In recent years, the use of aripiprazole in youth, for both official and off-label indications (anxiety, eating, personality disorders, Gilles de la Tourette syndrome, etc.) [14], has increased because of the perceived favorable risk profile. However, the assumed favorable side-effect profile of atypical antipsychotics as a group relative to the typical antipsychotics has recently been questioned [9, 13]. Our meta-analysis supports these recent concerns, as it reveals a mean EPS incidence in children and adolescents treated with aripiprazole of 17.1 % (95 % CI 0.128–0.223). This finding highlights the importance of further research in this field, especially considering the significance of how negatively EPS can impact patient quality of life (e.g., through stigmatization, stress and anxiety, and potentially life-threatening events, for example the emergence of laryngospasm) [3]. Randomized, (double) blinded, placebo-controlled/multi-arm, head-to-head comparator studies with long-term follow-up and large study populations with subjects of both sexes are urgently needed. Furthermore, a more precise definition and operationalization of the concept of EPS and of its measurement is necessary.

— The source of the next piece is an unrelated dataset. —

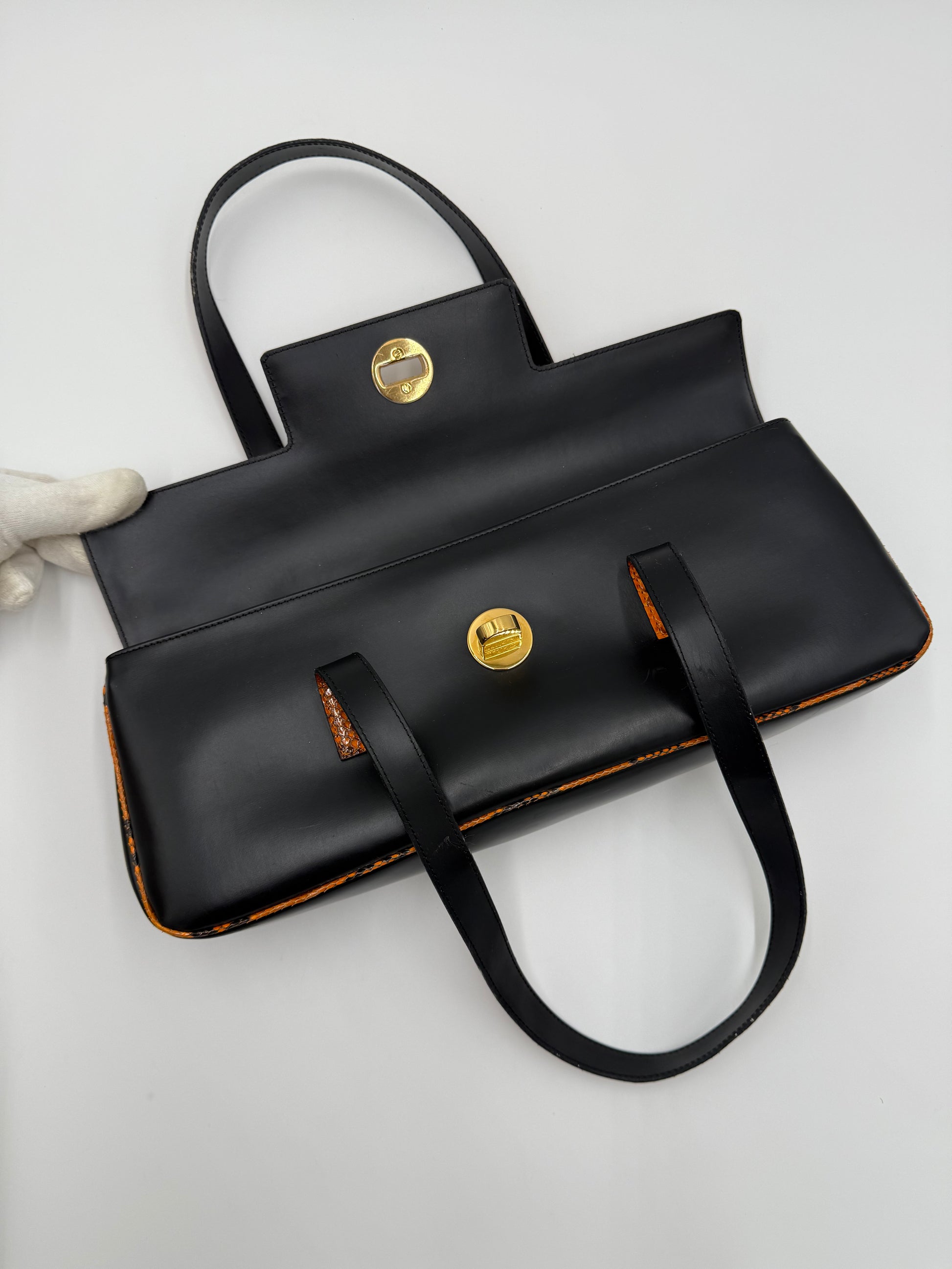 Bulgari Borsa Vintage in Pelle di Serpente Arancione e Pelle Nera. Modello caratterizzato dall'audace contrasto bicolore e dal design rigido. La borsa è realizzata con il corpo principale in pelle nera liscia e finiture, manico e patta in pregiata pelle esotica di serpente nella vibrante tonalità arancione ambra e nero. Chiusura con medaglione logo Bulgari rotondo.

The research setting should mimic a clinical setting as closely as possible. This may lead to the identification of potential risk factors in specific subsets of pediatric patients with the aim of predicting and even preventing the onset of extrapyramidal side effects from treatment with atypical antipsychotics (including aripiprazole).

Each antipsychotic has a unique profile of (side) effects. Besides the risk of the onset of EPS, the risk of emerging metabolic side effects and hyperprolactinemia also plays an important role in the choice of therapy. Atypical antipsychotics should be prescribed with caution in children and adolescents. Hopefully, in the near future, our findings and further research will provide more individualized guidelines to assist clinicians, together with the patient and guardians, to make well-balanced treatment choices.

In addition, given the non-negligible incidence of EPS found in our analysis, clinicians are urged to undertake more targeted medication monitoring in clinical practice. For example, we recommend using the SMURF [23], a standardized pediatric side-effect scale.